Saved entries
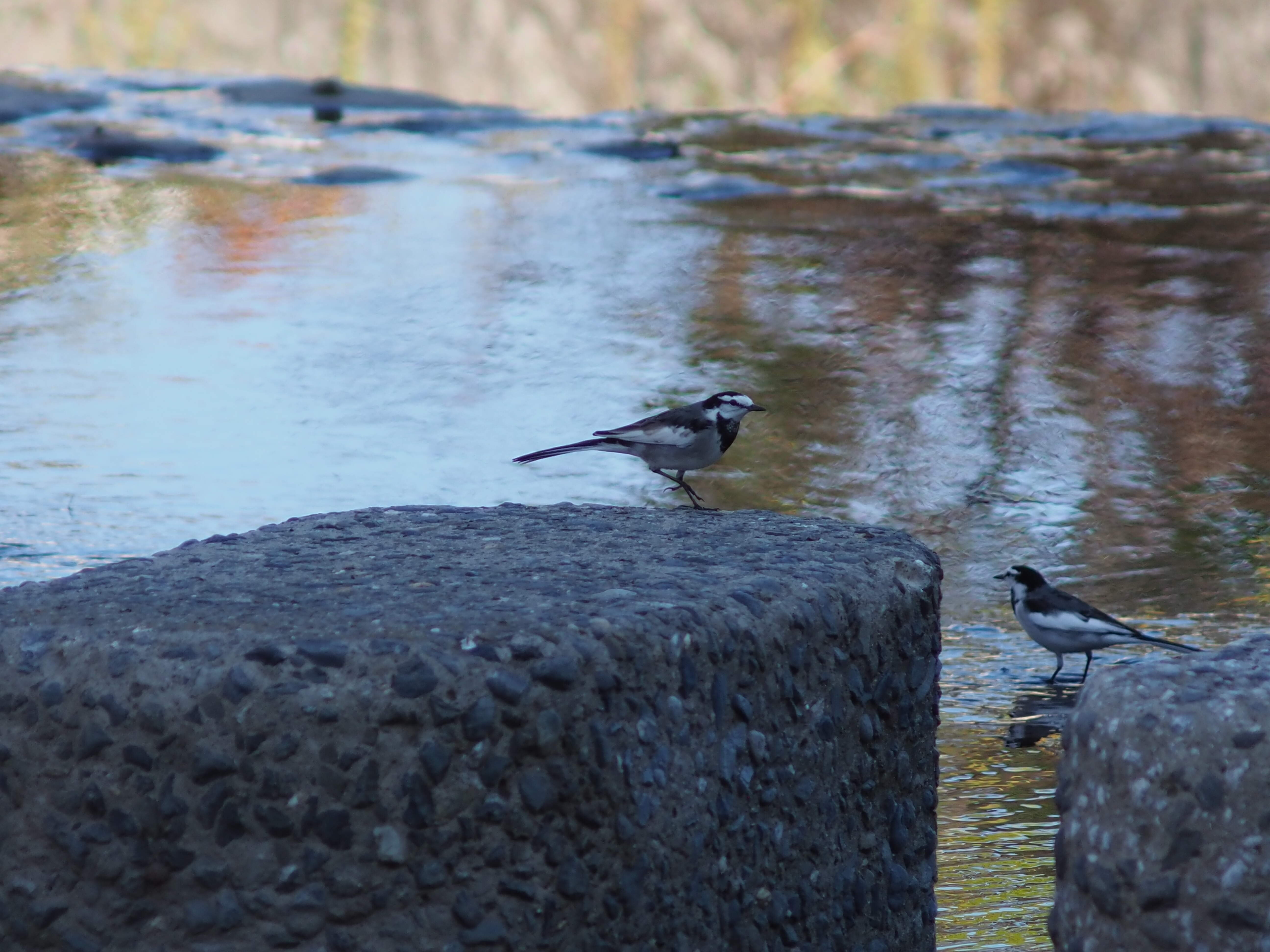 古戦場橋のすぐ下流で数羽のハクセキレイと出会いました。 最近はハクセキレイをたくさん見かけます。
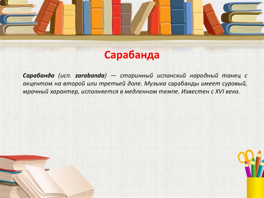 СарабандаСарабанда (исп. zarabanda) — старинный испанский народный танец с
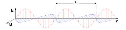 Figure 3. Electromagnetic light wave with wavelength λ and moving in the Z direction. The E axis is the electric field, and the B axis is the magnetic field. For our purposes, we’ll only bother with the E field.
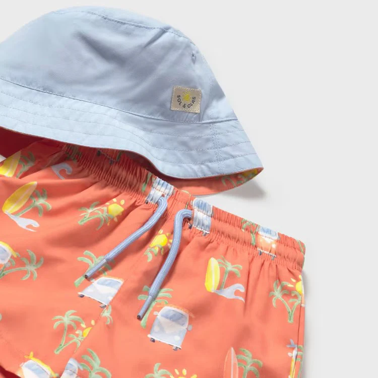 Costume e Cappello MAYORAL in tessuto a fantasia arancio con filtro protettivo UPF 40+ .
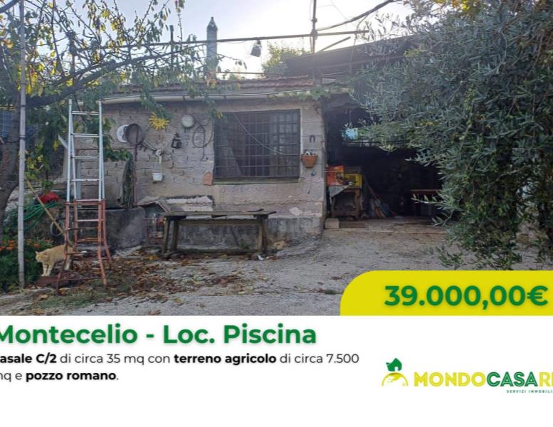 Proponiamo in vendita a Montecelio, in località Piscina, un fabbricato C/2 di circa 35 mq con annesso terreno agricolo di 7.640 mq, arricchito dalla presenza di un caratteristico pozzo romano. All’interno della proprietà è presente anche una tettoia C/7 di circa 30 mq.
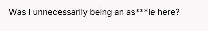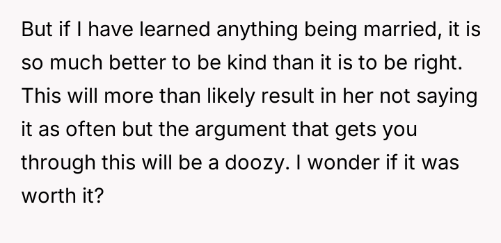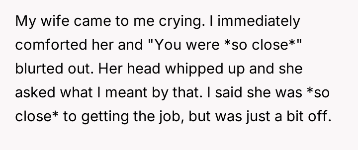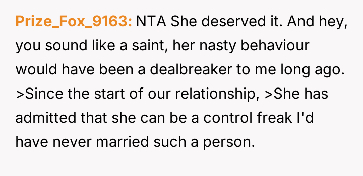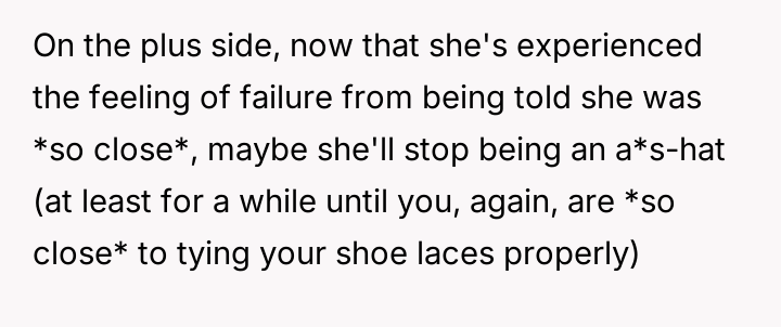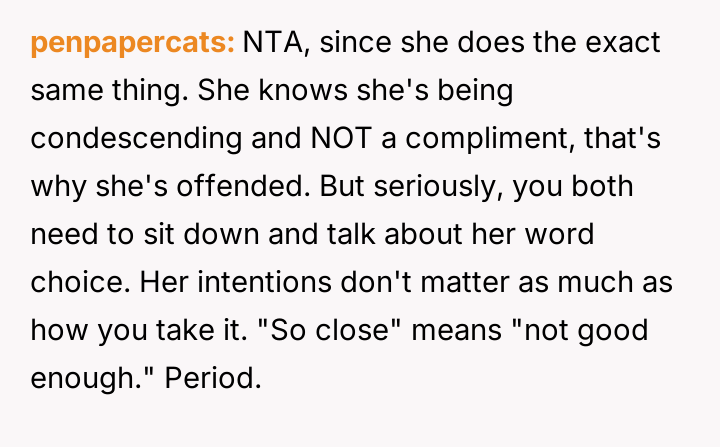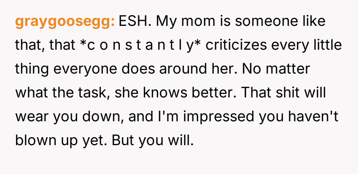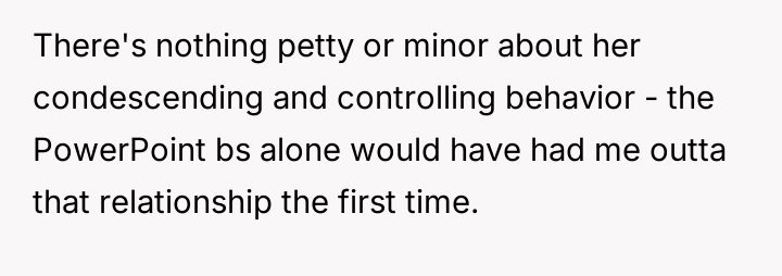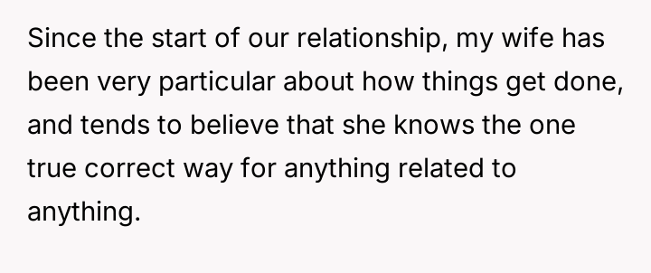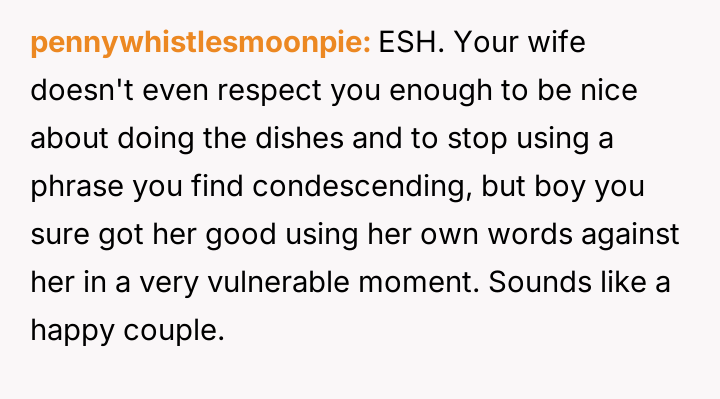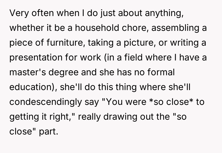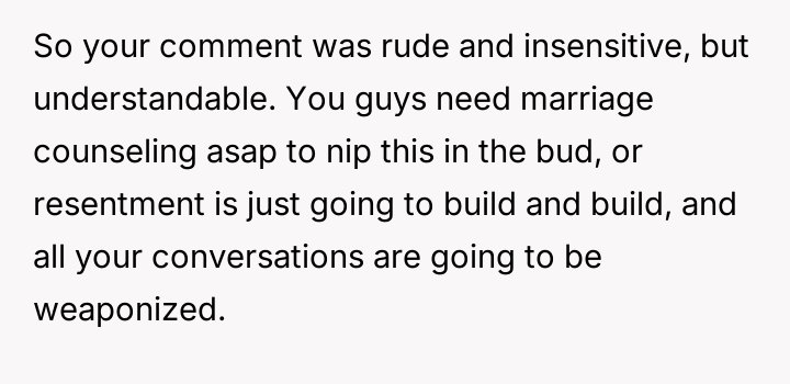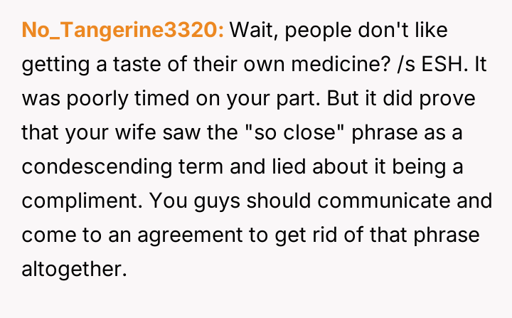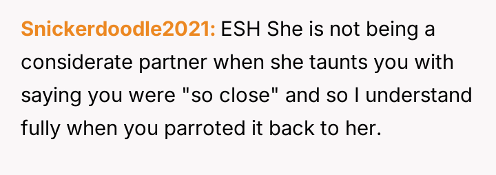 Given the established pattern of the wife’s controlling behavior and the OP's delayed reaction to voicing boundaries, is the OP's use of the phrase 'You were so close' during his wife's moment of failure a justifiable, albeit poorly timed, expression of built-up frustration, or was it an act of cruelty that warrants his self-designation as an 'asshole'?

## INSTRUCTIONS TO FOLLOW
The expected output is every record above, copied exactly, without pictures.

## FINISHED TASK
 古戦場橋のすぐ下流で数羽のハクセキレイと出会いました。 最近はハクセキレイをたくさん見かけます。
 СарабандаСарабанда (исп. zarabanda) — старинный испанский народный танец с
 Figure 3. Electromagnetic light wave with wavelength λ and moving in the Z direction. The E axis is the electric field, and the B axis is the magnetic field. For our purposes, we’ll only bother with the E field.
 Costume e Cappello MAYORAL in tessuto a fantasia arancio con filtro protettivo UPF 40+ .
 Proponiamo in vendita a Montecelio, in località Piscina, un fabbricato C/2 di circa 35 mq con annesso terreno agricolo di 7.640 mq, arricchito dalla presenza di un caratteristico pozzo romano. All’interno della proprietà è presente anche una tettoia C/7 di circa 30 mq.
 Given the established pattern of the wife’s controlling behavior and the OP's delayed reaction to voicing boundaries, is the OP's use of the phrase 'You were so close' during his wife's moment of failure a justifiable, albeit poorly timed, expression of built-up frustration, or was it an act of cruelty that warrants his self-designation as an 'asshole'?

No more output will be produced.